_What you are asked to do_
Transcribe the full listing without changing a word, and omit its pictures.

_Dataset extract_
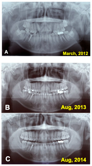 Panoramic X-ray photos. (A) Appearance just after surgery. (B) Appearance at 1.5 years during orthodontic treatment. Note: extraction of wisdom teeth (#38, #48). (C) Appearance at 2.5 years. Removal of orthodontic devices, except mandibular retention wire.
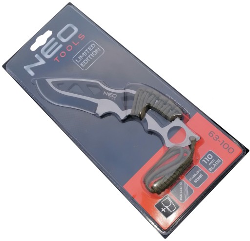 Ніж 63-100 із фіксованим лезом від NEO — це ніж із фіксованим лезом довжиною 11 см і товщиною 3,3 мм. Надзвичайно міцний і багатозадачний. Поставляється з паракордом 75 см на ручці, що славиться своєю високою міцністю. Ніж пропонується в нейлоновій сумці. Він ідеально підходить для кемпінгу, експедицій на виживання, а також для роботи в майстерні та гаражі.
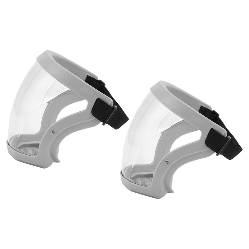 Transparent 2pcs Protective Face Cover, Reusable Dustproof Safety Shield with Filter Cotton Pads (Adult Grey White)

_Exercise output_
 Panoramic X-ray photos. (A) Appearance just after surgery. (B) Appearance at 1.5 years during orthodontic treatment. Note: extraction of wisdom teeth (#38, #48). (C) Appearance at 2.5 years. Removal of orthodontic devices, except mandibular retention wire.
 Ніж 63-100 із фіксованим лезом від NEO — це ніж із фіксованим лезом довжиною 11 см і товщиною 3,3 мм. Надзвичайно міцний і багатозадачний. Поставляється з паракордом 75 см на ручці, що славиться своєю високою міцністю. Ніж пропонується в нейлоновій сумці. Він ідеально підходить для кемпінгу, експедицій на виживання, а також для роботи в майстерні та гаражі.
 Transparent 2pcs Protective Face Cover, Reusable Dustproof Safety Shield with Filter Cotton Pads (Adult Grey White)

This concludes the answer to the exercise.